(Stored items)
◆ ◆ ◆ ◆ ◆ ◆ ◆

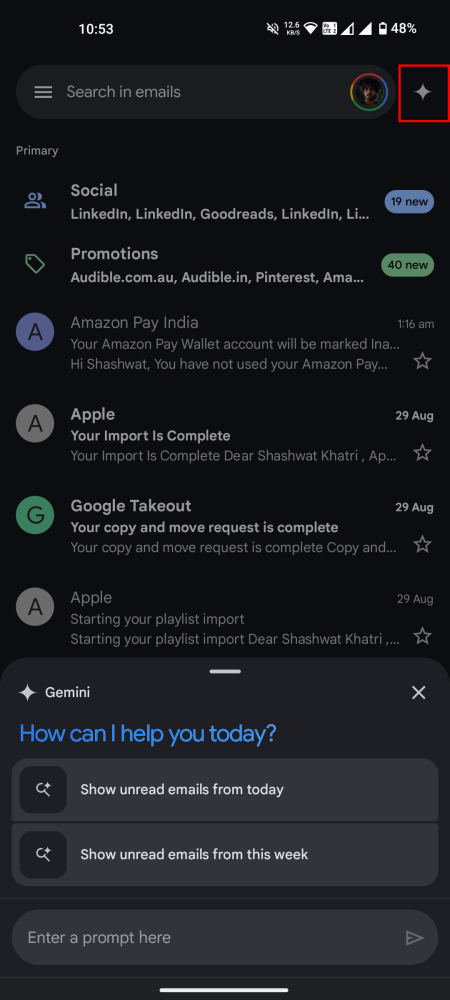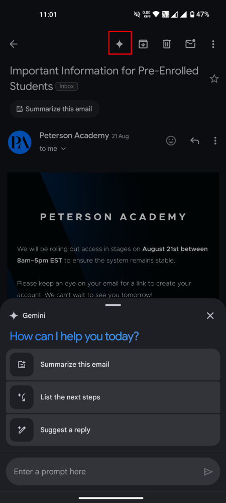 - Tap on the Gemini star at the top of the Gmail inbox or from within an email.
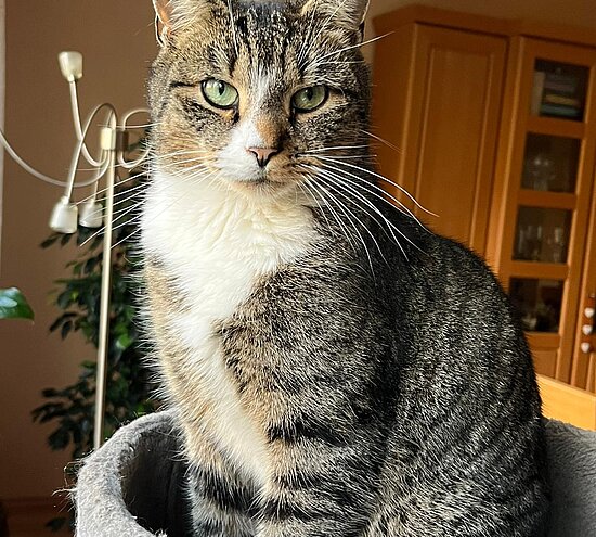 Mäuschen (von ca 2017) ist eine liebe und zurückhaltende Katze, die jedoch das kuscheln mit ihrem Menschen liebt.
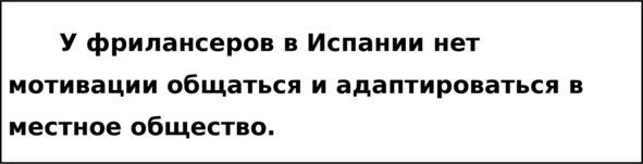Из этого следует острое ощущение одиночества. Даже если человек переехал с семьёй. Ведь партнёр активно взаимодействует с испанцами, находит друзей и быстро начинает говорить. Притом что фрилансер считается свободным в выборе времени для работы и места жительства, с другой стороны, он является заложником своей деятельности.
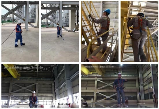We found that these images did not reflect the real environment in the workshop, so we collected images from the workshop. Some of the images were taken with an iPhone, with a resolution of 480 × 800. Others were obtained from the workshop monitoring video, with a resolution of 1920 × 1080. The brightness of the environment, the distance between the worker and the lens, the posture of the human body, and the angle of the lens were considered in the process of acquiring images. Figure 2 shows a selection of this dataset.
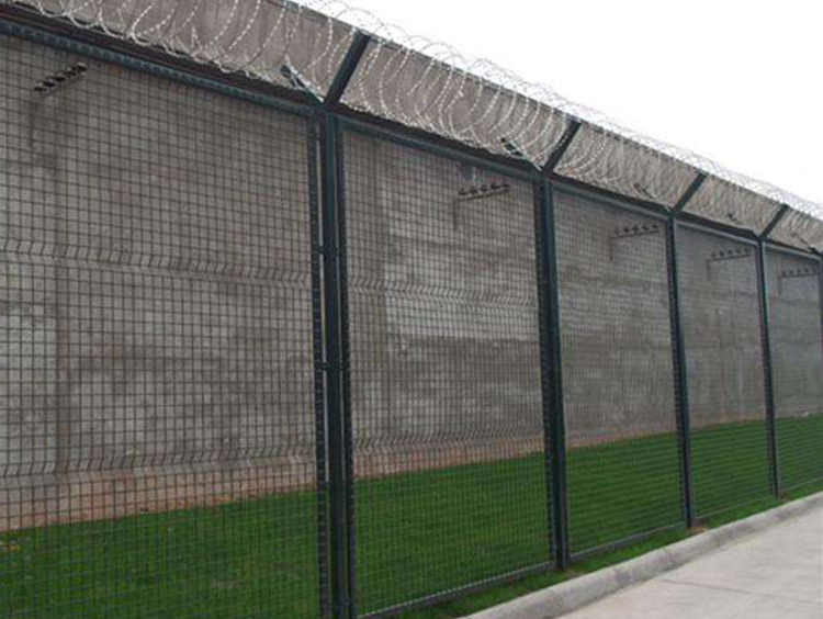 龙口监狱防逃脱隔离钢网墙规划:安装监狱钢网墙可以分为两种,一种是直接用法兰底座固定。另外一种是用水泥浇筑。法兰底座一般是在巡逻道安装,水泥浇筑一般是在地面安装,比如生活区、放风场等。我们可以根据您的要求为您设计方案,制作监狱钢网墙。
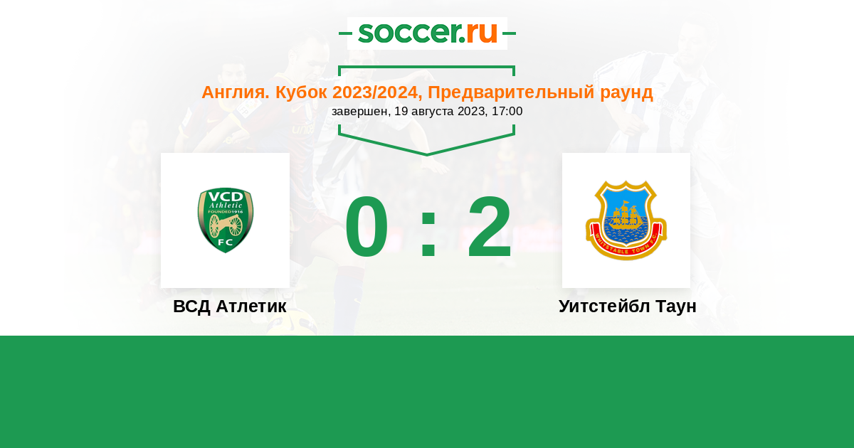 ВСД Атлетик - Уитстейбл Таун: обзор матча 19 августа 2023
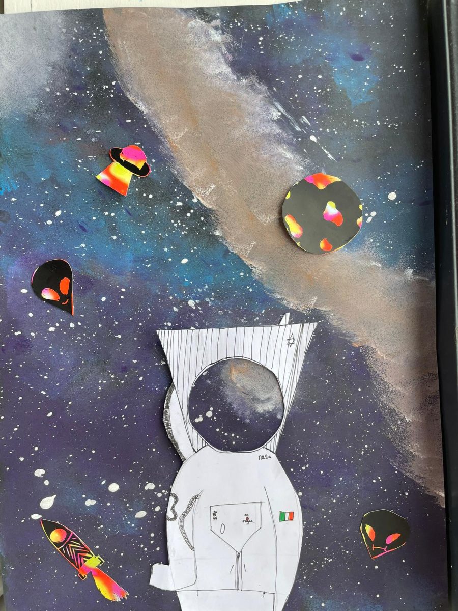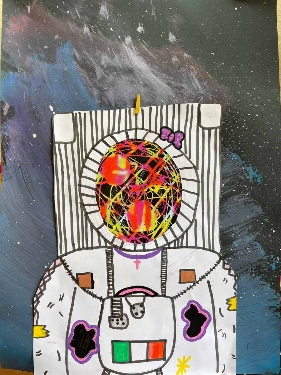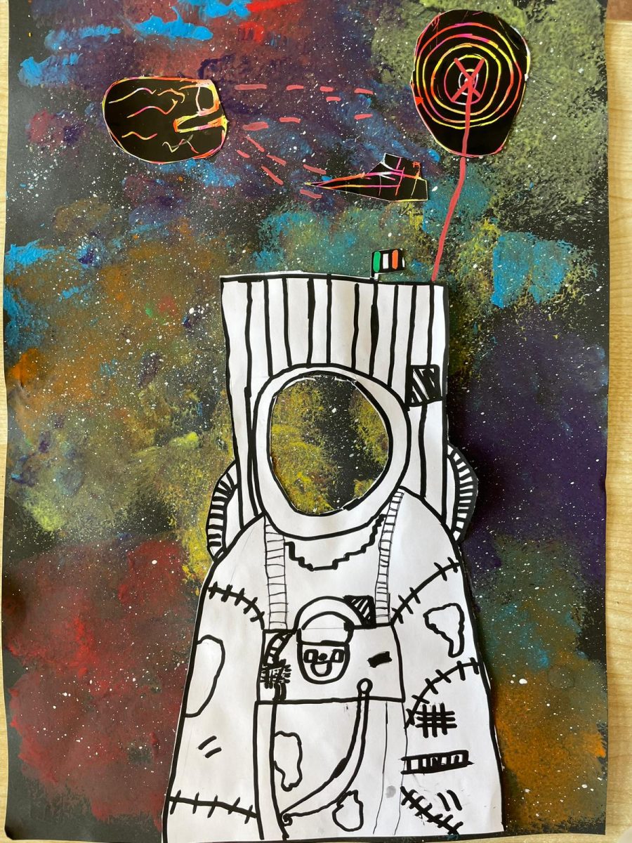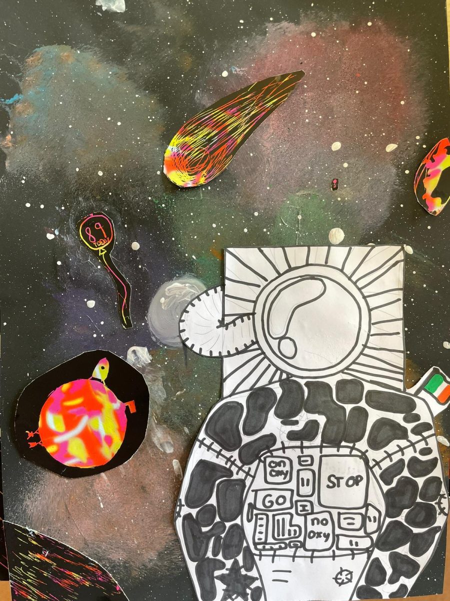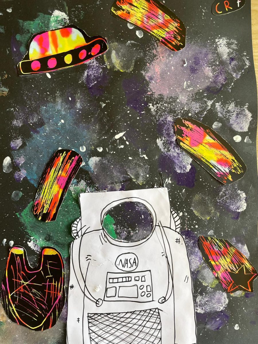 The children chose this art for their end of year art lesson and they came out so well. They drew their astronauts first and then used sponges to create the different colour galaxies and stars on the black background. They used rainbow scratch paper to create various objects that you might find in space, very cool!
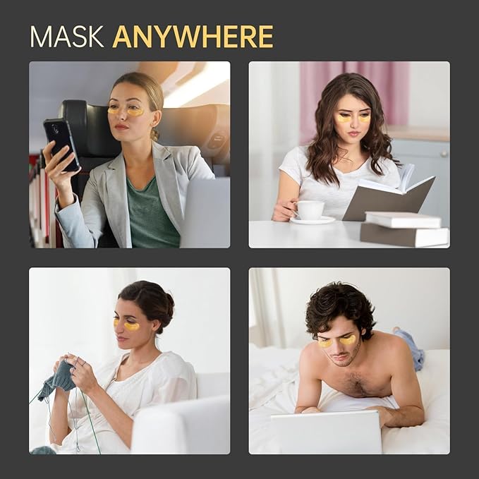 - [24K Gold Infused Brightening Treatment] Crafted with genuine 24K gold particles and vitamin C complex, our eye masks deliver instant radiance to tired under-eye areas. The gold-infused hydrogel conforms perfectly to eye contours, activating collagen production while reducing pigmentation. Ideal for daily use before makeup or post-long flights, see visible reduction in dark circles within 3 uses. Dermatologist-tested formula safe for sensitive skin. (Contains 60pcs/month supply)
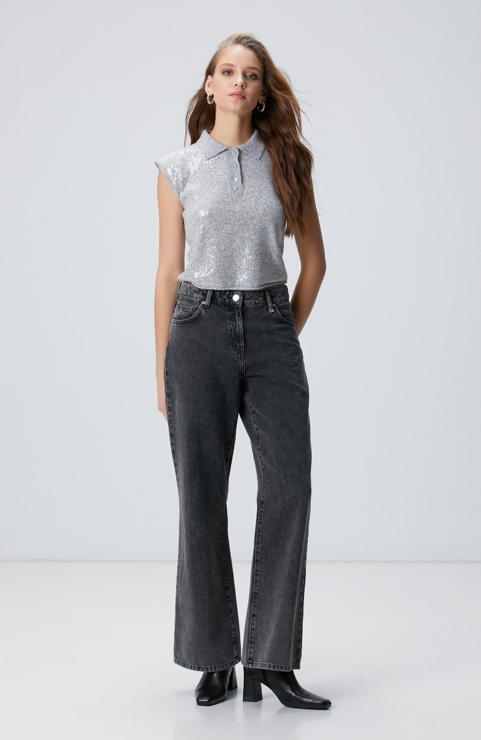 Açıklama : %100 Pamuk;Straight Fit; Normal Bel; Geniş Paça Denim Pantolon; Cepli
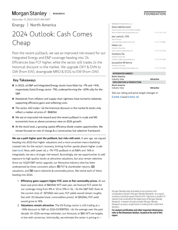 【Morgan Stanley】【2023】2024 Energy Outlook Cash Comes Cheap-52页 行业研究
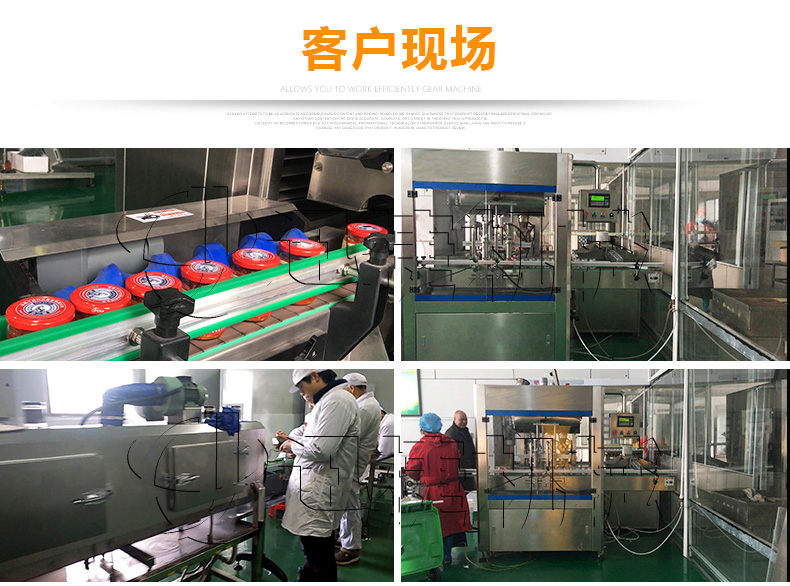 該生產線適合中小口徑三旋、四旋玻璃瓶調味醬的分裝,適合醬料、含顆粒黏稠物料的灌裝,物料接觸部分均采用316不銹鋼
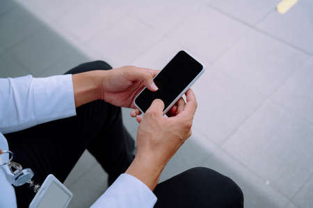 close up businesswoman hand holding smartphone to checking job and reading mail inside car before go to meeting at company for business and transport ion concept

◆ ◆ ◆ ◆ ◆ ◆ ◆

**What you will do:**
Starting with the line containing "We found that" and ending with the last line of the records above, write out each line exactly; no pictures.

**Task solution:**
We found that these images did not reflect the real environment in the workshop, so we collected images from the workshop. Some of the images were taken with an iPhone, with a resolution of 480 × 800. Others were obtained from the workshop monitoring video, with a resolution of 1920 × 1080. The brightness of the environment, the distance between the worker and the lens, the posture of the human body, and the angle of the lens were considered in the process of acquiring images. Figure 2 shows a selection of this dataset.
 龙口监狱防逃脱隔离钢网墙规划:安装监狱钢网墙可以分为两种,一种是直接用法兰底座固定。另外一种是用水泥浇筑。法兰底座一般是在巡逻道安装,水泥浇筑一般是在地面安装,比如生活区、放风场等。我们可以根据您的要求为您设计方案,制作监狱钢网墙。
 ВСД Атлетик - Уитстейбл Таун: обзор матча 19 августа 2023
 The children chose this art for their end of year art lesson and they came out so well. They drew their astronauts first and then used sponges to create the different colour galaxies and stars on the black background. They used rainbow scratch paper to create various objects that you might find in space, very cool!
 - [24K Gold Infused Brightening Treatment] Crafted with genuine 24K gold particles and vitamin C complex, our eye masks deliver instant radiance to tired under-eye areas. The gold-infused hydrogel conforms perfectly to eye contours, activating collagen production while reducing pigmentation. Ideal for daily use before makeup or post-long flights, see visible reduction in dark circles within 3 uses. Dermatologist-tested formula safe for sensitive skin. (Contains 60pcs/month supply)
 Açıklama : %100 Pamuk;Straight Fit; Normal Bel; Geniş Paça Denim Pantolon; Cepli
 【Morgan Stanley】【2023】2024 Energy Outlook Cash Comes Cheap-52页 行业研究
 該生產線適合中小口徑三旋、四旋玻璃瓶調味醬的分裝,適合醬料、含顆粒黏稠物料的灌裝,物料接觸部分均采用316不銹鋼
 close up businesswoman hand holding smartphone to checking job and reading mail inside car before go to meeting at company for business and transport ion concept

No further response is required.